0, 1, ..............25, 26, 27,....... 52, 53
I freely admit I was at first annoyed that my handles went from Z to AB
(rather than AA). It did take me longer than I care to confess here to
realise that's because A is the zero here, and just like 01 is the same
as 1 decimal, AA is equal to A (and BA equal to B) in that
system. Consequently, my function for unique handles didn't produce AA
even though I hadn't realised the problem when writing the function –
there's nothing as practical as a good theory.

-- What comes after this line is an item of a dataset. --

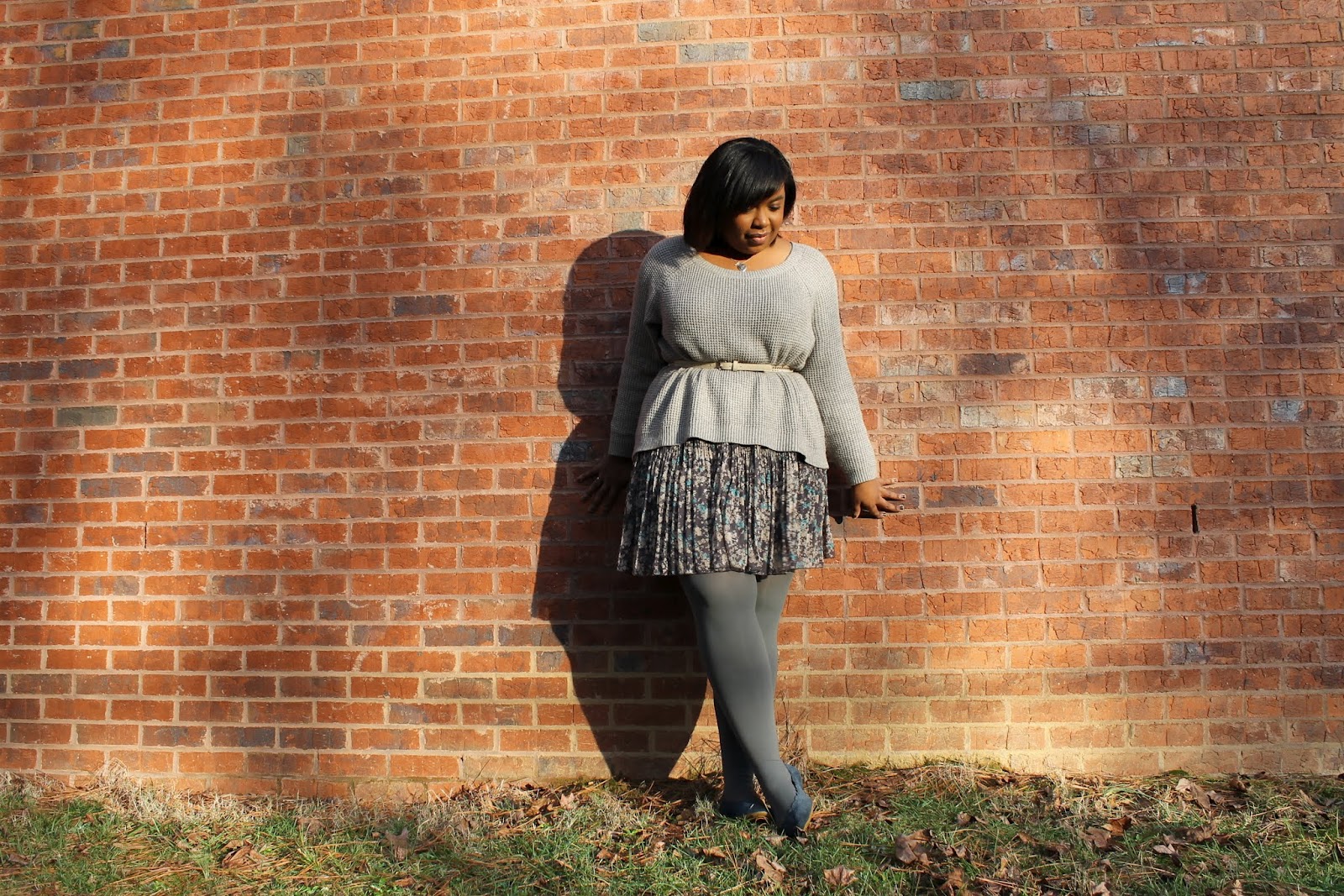 {Sweater, Skirt, Tights (Old Navy), Flats (Urban Outfitters)}

With that function, the full ad-hoc script to pick pages one (that's
encoded in the f"{hdl}1" in case you want other page ranges) from
all files matching /some/dir/um*.pdf looks like this:
import glob
import os
import subprocess
def make_handle(ind):
"""returns a pdftk handle for a non-negative integer.
This is a sequence of one or more uppercase letters.
"""
hdl = []
while True:
hdl.append(chr(65+ind%26))
ind = ind//26
if not ind:
break
return "".join(hdl)
sources = [(make_handle(ind), name)
for ind, name in enumerate(sorted(glob.glob("/some/dir/um*.pdf")))]

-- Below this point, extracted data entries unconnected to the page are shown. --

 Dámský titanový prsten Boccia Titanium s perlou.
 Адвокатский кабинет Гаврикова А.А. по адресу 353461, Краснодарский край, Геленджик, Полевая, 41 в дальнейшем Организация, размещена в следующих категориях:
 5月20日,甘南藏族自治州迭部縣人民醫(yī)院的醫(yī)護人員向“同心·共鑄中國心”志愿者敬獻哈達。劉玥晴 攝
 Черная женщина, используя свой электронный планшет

subprocess.check_call(["pdftk"]+[f"{hdl}={name}" for hdl, name in sources]+
["cat"]+[f"{hdl}1" for hdl, _ in sources]+
["output", "output.pdf"])
Looking back, not only the massively silly base-26 handles are
unnecessarily complicated. Had I realised from the beginning I would be
using python in the end, I would
probably have gone for pdfrw right away; while the complexity in terms
of Debian dependencies is roughly the same (“one over what you'll
already have”), avoiding a subprocess call is almost always a win.
But these misgivings are one reason why I wrote this post: This is a
compact illustration of the old programmers' wisdom to “Plan to throw
one away – you will anyway“. Except that for tiny little ad-hoc scripts
like this, a bit of baroque adornment and an extra process do not hurt
and the code above ought to work just fine if you need to produce a PDF
document from some fixed page range of a few dozen or hundred other PDF
documents.